Shadley: The Sound of Silence


Brooklyn Critchley

Mill Creek located in Mueller Park Canyon, Utah on Sunday, Aug. 29, 2021 (Photo by Brooklyn Critchley | The Daily Utah Chronicle)

By Will Shadley, Opinion Writer


Finding a location free from human interference has become an increasingly difficult task. Even in the most remote places, the physical landscape is littered with evidence of our industrialized existence. We might gaze up at the night sky, hoping to see a vast galaxy untouched by humanity, but instead, we’re met with fewer visible stars.

Everywhere we look, we see our mark on the world. Most of us have recognized that reality, which has led to a greater push to protect and preserve our most beautiful landscapes. Yet, there’s one important way humanity has influenced the environment that we tend to ignore: noise.

Even in America’s most “natural” places, the National Parks Service found that anthropogenic (human-caused) noise doubled the background sounds in 63% of protected areas and increased those sounds tenfold in 21% of those areas. Our most important ecosystems are at risk. Without adequate recognition of the ecological and psychological value of silence, we cannot begin to call these important natural places “protected.”

Noise vs. Sound

To better understand the effects of noise and sound on humanity and the environment, I spoke with Britt Mace, an environmental psychologist and professor at Southern Utah University. Mace said sound is “everything that’s there acoustically: the sounds that we make, the sounds that other creatures make, the sounds that the planet is making, etc.,” whereas noise should be characterized as sounds that are unnatural or “unwanted” —  like sounds produced by helicopters or motorcycles.

If you’re still a bit lost, as I was, it might help to focus on the psychological effects of noise and sound. Sound, typically, results in a pleasing experience for people, while noise results in an annoying one.

The Harms of Noise and the Healing of Sound

Noise has an inherently negative impact on our health and wellbeing, but it also has a negative impact on our ecosystems. Anthropogenic noise can mask important sounds as animals listen for predators or prey, locate other group members or seek a mate. In the southwestern part of the United States, Mace said that high altitude jets produce that anthropogenic noise “25 to 30 percent of the time, no matter where you are,” including Utah’s beloved national parks.

One of Mace’s colleagues in soundscape ecology, Bernie Krause, conducted a study in California on Spadefoot Toads.

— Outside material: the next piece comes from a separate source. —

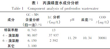 丙溴磷(profenofos) 是20 世紀(jì)70 年代后期由汽巴-嘉基公司開發(fā)的農(nóng)藥品種,對抗性害蟲表現(xiàn)出高活性,特別對抗性棉鈴蟲效果突出。該品種于2005 年被國家列入替代高毒有機(jī)磷農(nóng)藥品種之一,具有良好的發(fā)展前景。目前國內(nèi)有十余家企業(yè)生產(chǎn),每生產(chǎn)1 t 產(chǎn)品約產(chǎn)生6~7 t 廢水,該廢水由于色重、味臭、毒性大無法直接生化,必須先經(jīng)過預(yù)處理,否則無法達(dá)標(biāo)排放。近年來,國內(nèi)對該廢水的處理雖有所報道,但著重點在于如何從溴化工段廢水中回收溴素,且溴素回收目前已成為工業(yè)生產(chǎn)必不可少的工段,因此車間所排廢水幾乎不含溴,而文獻(xiàn)對混合廢水的主要污染成分酚的處理卻未見報道。通過對某生產(chǎn)企業(yè)提供的丙溴磷混合廢水進(jìn)行分析(見表1),發(fā)現(xiàn)其主要成分為4-溴-2-氯苯酚(簡稱4-溴氯酚),該成分為丙溴磷生產(chǎn)中的原料,因此找到從廢水中回收4-溴氯酚的合適方法就成為治理廢水污染、降低生產(chǎn)成本的關(guān)鍵。

These toads engage in incredibly complex, beautiful choruses that make it difficult for predators to locate individual toads. As Krause recorded these sounds, a military jet flew overhead and caused the toads to fall out of sync.

In the nearly 45 minutes that it took the toads to get back into their synchronized chorus, predators located many toads and picked them off. An anthropogenic noise that occurs 25 to 30 percent of the time directly leads to a shift in the ecological balance.

Noise is disruptive, whereas sound can enhance our ability to think, create and engage in meaningful work. Ambient sounds, those that make up the natural soundscape, are beneficial to humans both psychologically and physiologically. Mace has found that spending time surrounded by these sounds can “restore our attention abilities” and lead to “deeper states of cognition.” In these states, we experience physiological changes as the active parts of our brain “slow down” and make us more contemplative, allowing “creative ideas to come out.”

As the climate crisis progresses, creatively addressing problems depends on our ability to access these deeper states of cognition. Preserving the few spaces where that remains a possibility is more important than ever.

Preserving Silence

Since 2002, the European Union has campaigned to protect quiet areas. The Environmental Noise Directive focuses on three areas of action: determining the exposure to environmental noise, ensuring that information on environmental noise and its effects is made available to the public, preventing and reducing environmental noise where necessary and preserving environmental noise quality in less affected areas. As of 2020, 60% of European countries have designated at least one national quiet area.

However, in the U.S., most noise policy has focused on what Mace calls the “threshold approach.” The threshold approach leads to policy that determines how much noise is “too much” and regulates it from there. Yet, any level of noise pollution can destroy the tranquility of a quiet soundscape.

One of those soundscapes, which Mace has spent the past few years monitoring, is Grand Staircase-Escalante National Monument in southern Utah. In the middle of winter, Mace and his team discovered the quietest place ever recorded. At a mere 5.3 to 5.5 decibels, the standard metric for measuring loudness, the location in Grand Staircase-Escalante came in more than three decibels quieter than the previous record. A soundscape that unique must be protected.

Like Grand Staircase Escalante, these incredible ecosystems show how humanity and the environment can interact harmoniously, without our voices domineering over other creatures. As our population grows and air traffic increases, we risk drowning out the sounds of the natural world. However, the introduction of noise-protected areas in the U.S. preserves the restorative, enlightening sound of silence.